Winter ClothesFriday, 8 January, 2010
Keeping warm, looking cool
Wendy Thomson has suggestions for the essential winter look
It can be difficult to look stylish when it’s so cold that you need to wear several layers, and achieve the Michelin Man effect. But I like the clothes of the winter season.
Winter weather is an excuse to wear knee length boots, which are generally appreciated by the opposite sex. Real or imitation leather, suede or faux fur they invite imagination based on what little is seen of legs between the top of the boots and the skirt/dress/top. Most boots have heels. Added height makes legs look longer and slimmer. What the casual observer doesn’t know is I’ve got thick socks on. Over tights. And it took me five minutes to do up the boot zips! I could be wearing Wellingtons.

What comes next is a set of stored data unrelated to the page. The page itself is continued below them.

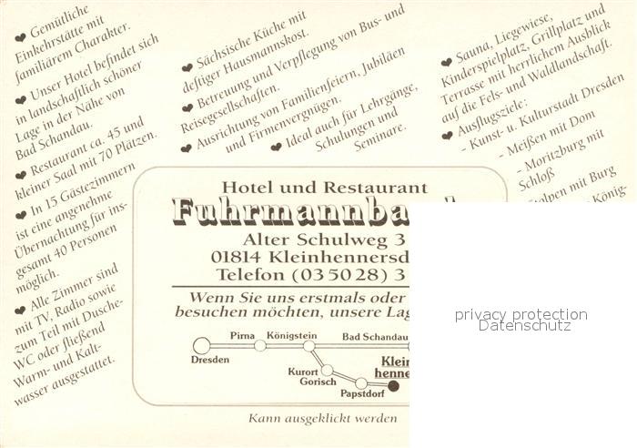 73746454 Kleinhennersdorf Hotel Restaurant Fuhrmannbaude postalisch nicht gelaufen Werbekarte (keine Postkarte) Erhaltung siehe scans [WerneD78] KatCode: 11110014287120
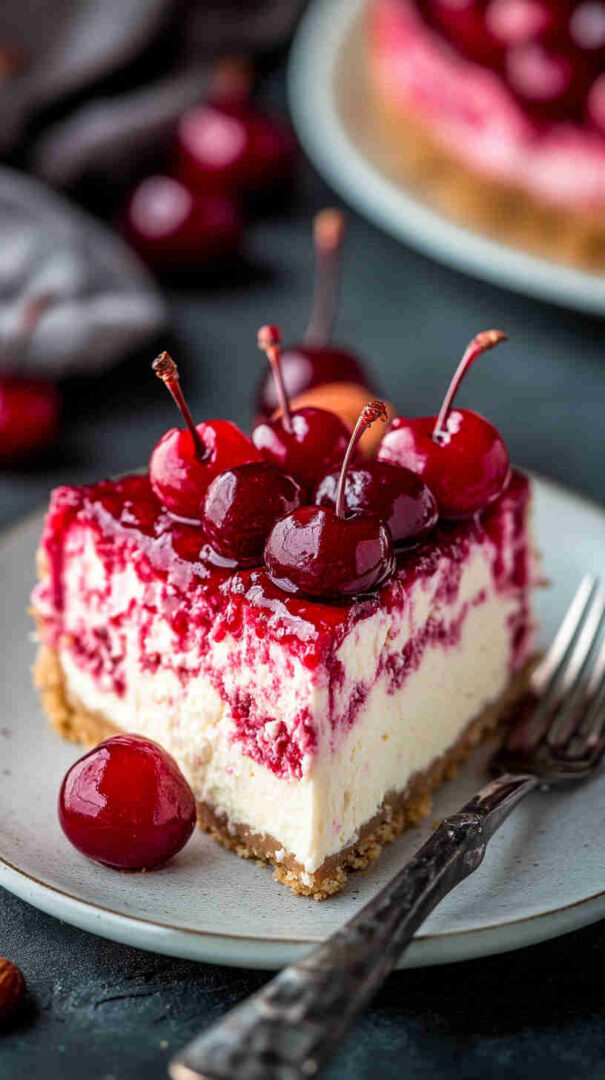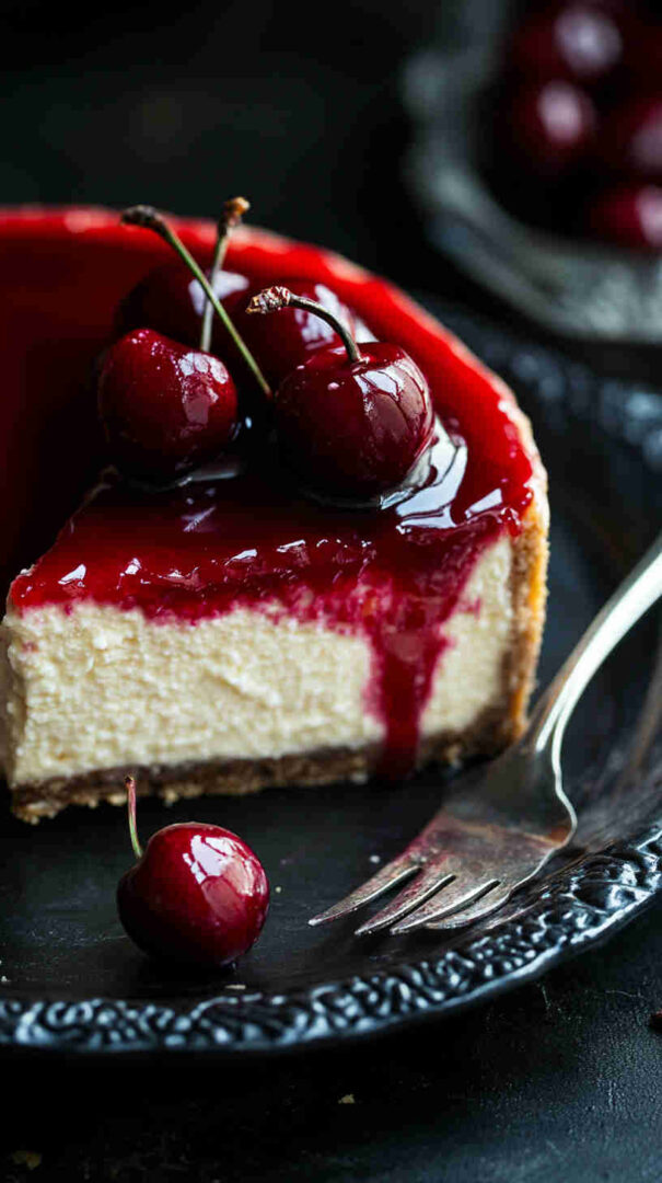 Store the cooled cheesecake covered in the refrigerator for up to 5 days—the flavors actually deepen after 1-2 days. For longer storage, wrap individual slices tightly in plastic wrap and aluminum foil, then freeze for up to 2 months. Thaw overnight in the refrigerator before serving. Avoid freezing with fresh cherry topping if using homemade (canned pie filling freezes better). Keep leftovers in an airtight container to prevent absorbing fridge odors.
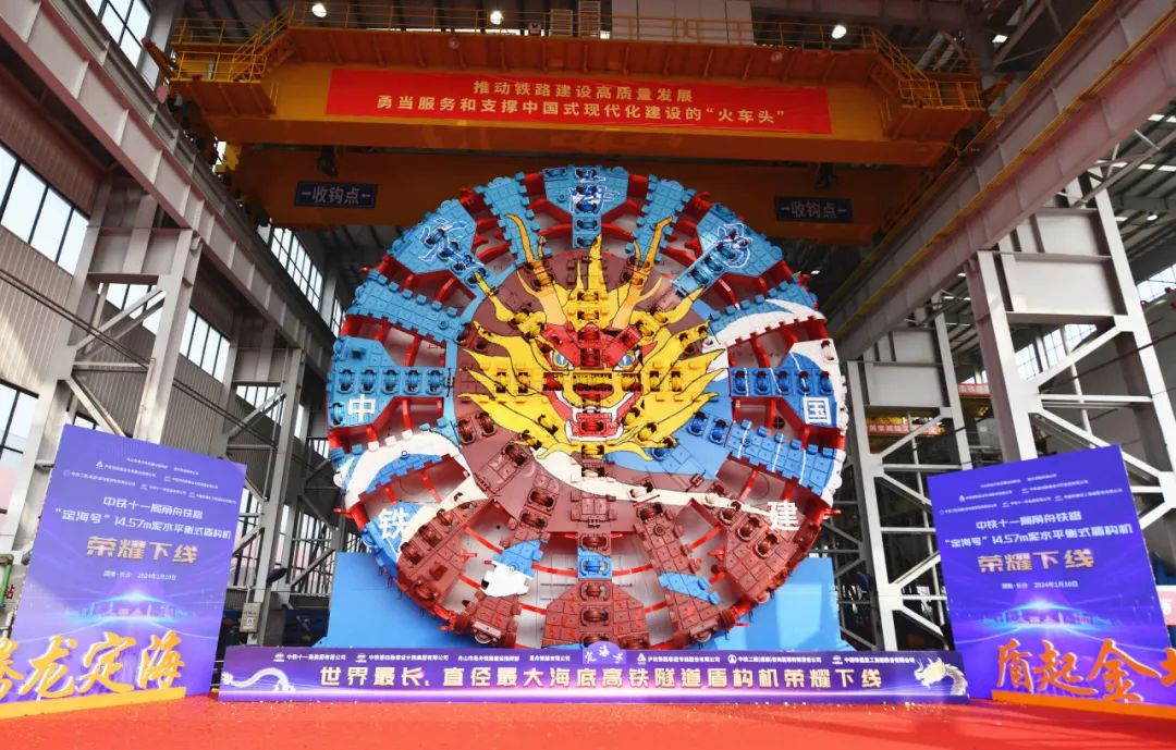 1月10日上午,由铁建重工和中铁十一局联合打造的世界最长高铁海底隧道盾构机“定海号”在铁建重工长沙第一产业园区下线。
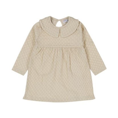 Beige/grijze jurk met een mooie motief in de print. De jurk is voorzien van een kraagje.
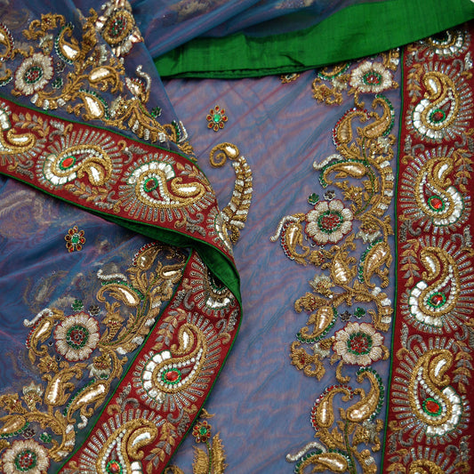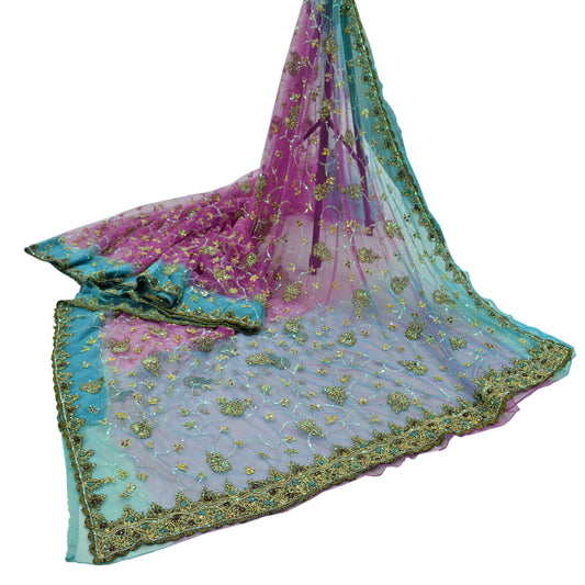 Indian Vintage Heavy Sari Purple & Blue Net/Mesh Hand Embroidered Sarees Craft Fabric 6Yd Sewing Soft Zardozi/Dabka Zari Wedding sari
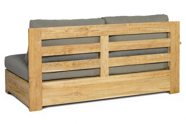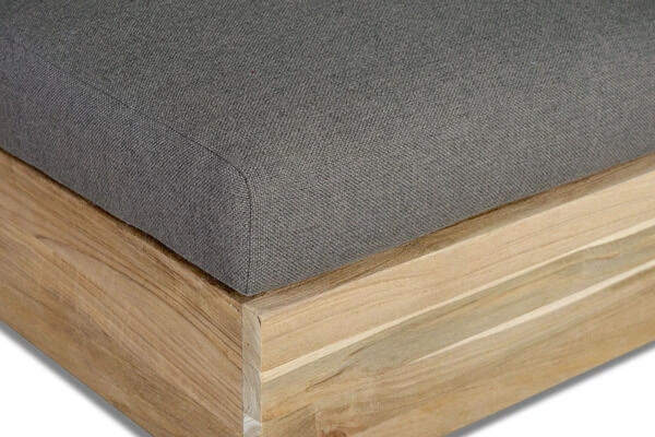 Das verwendete Teakholz und dessen hochwertige Verarbeitung machen die Lounge besonders strapazierfähig, robust und zusätzlich sehr stabil. Teakholz ist besonders witterungsbeständig und hält sowohl Hitze und Frost, als auch Regen und Feuchtigkeit aus. Es hat außerdem aufgrund des hohen Anteils an holzeigenen Ölen einen natürlichen Schutz gegen Pilze und andere Schädlinge, sodass sich die Pflege dieser Ecklounge auf ein Minimum beschränkt und Sie Ihre Zeit im Garten mit angenehmen Tätigkeiten verbringen können. Das Teakholz ist ein Naturprodukt und lässt so jeden Sessel zu einem Einzelstück werden. Diese Natürlichkeit wird mit der allmählichen Patinabildung in einem schönen Silbergrau unterstrichen. Wenn Sie dieser entgegen wirken möchten, empfehlen wir Ihnen eines unserer Pflegeöle, welches Sie im Zubehör finden.
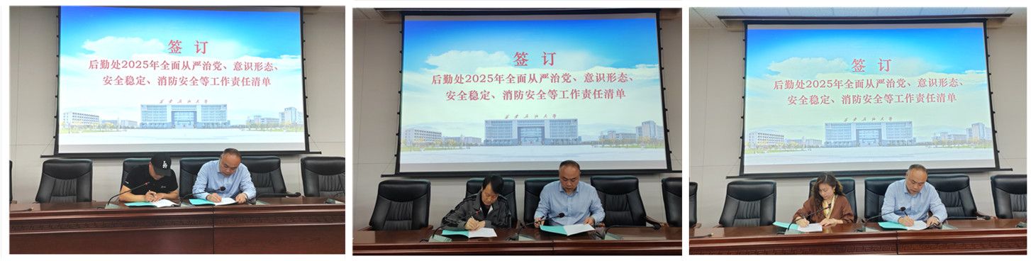 會上,后勤處領導班子逐一與所分管的各中心(辦)負責人簽訂了《后勤處2025年全面從嚴治黨、意識形態(tài)、安全穩(wěn)定、消防安全等工作責任清單》,要求緊密結合全面從嚴治黨工作、后勤管理集中整治工作,進行壓力逐級傳導,層層夯實責任,確保責任到人。
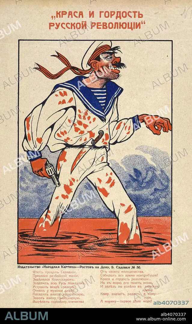 «КраÑа и гордоÑть руÑÑкой революции» “The pride and glory of the Russian Revolution†Depicts a Red sailor clutching a revolver and a blood-stained knife and wading through a sea of blood. [A collection of posters issued by the Southern anti-Bolshevik armies.]. [1918-21]. Source: 1856.g.8.(18). Language: Russian.
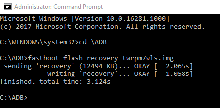 - M7 Quốc Tế: fastboot flash recovery twrpm7ul.img
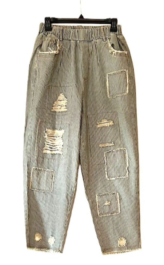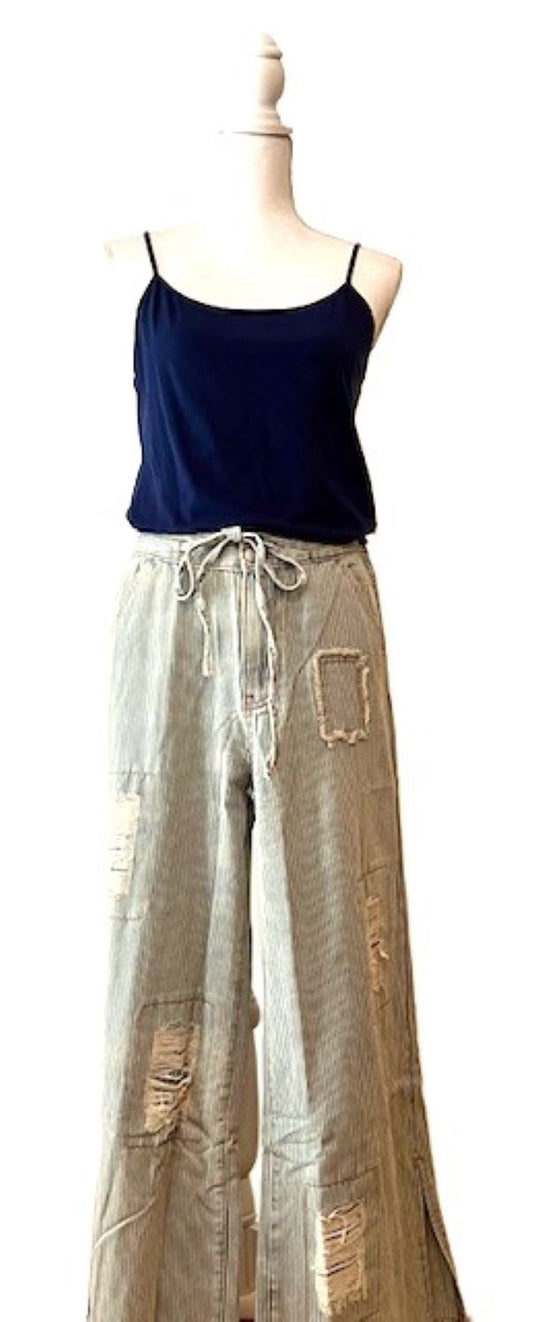 Distressed, Waist Stripe Denim Wide Pants. Best Seller.

Frequently I wear UGGs – having succumbed to the ‘everyone else has them so maybe there’s a reason for it?’ mentality – they are nice warm sheepskin boots – but not waterproof. I pray to the God of Practical Fashion to deliver UGG wellies. And while he’s at it, more trousers with pockets. Amen.
Knee length, calf length, and ankle length – each is relatively flattering and a welcome change from ubiquitous jeans. With the correct denier of tights they can be much warmer than trousers. Winter skirts come in thick fabrics including polyester, wool, nylon, or various blends of these materials. Velvet looks good at winter not just for skirts but also dresses and jackets. In rich warm shades of purple, green, red and brown.
Obviously there are some awful ones at Christmas and I don’t need to look like Bridget Jones and wear one knitted by my mum with a reindeer on it – although I won’t miss the chance to meet Colin Firth in a matching woolie. There are lovely sweaters made of soft wools in bright colours. A good jumper feels like snuggling into a warm bed. The size should be more sleeping bag than king size duvet.
I love coats. A well cut coat makes a big difference to an outfit. If you purchase a ‘strong’ coat in loud colours or patterns then avoid wearing clashing items on your lower half. The alternative is to have some fun. When the snow’s falling down like lumps of marshmallow, put on a padded ski jacket and feel as cosy and muffled as Kenny from South Park to play in the elements. After heavy snowfall why not try urban snowboarding? With a scarf over your mouth and hood up, who will know you’re the wrong side of thirty throwing yourself down that hill in the park, street or town centre. Wayhey!
Marks and Spencer sell some nice sets. Pink is available.
Ultimately clothes should enhance our natural figures not distort them. Sculptors eternalise the sensual flow of fabric covering a graceful body by chipping away at cold hard marble – so anything is possible for warm flesh.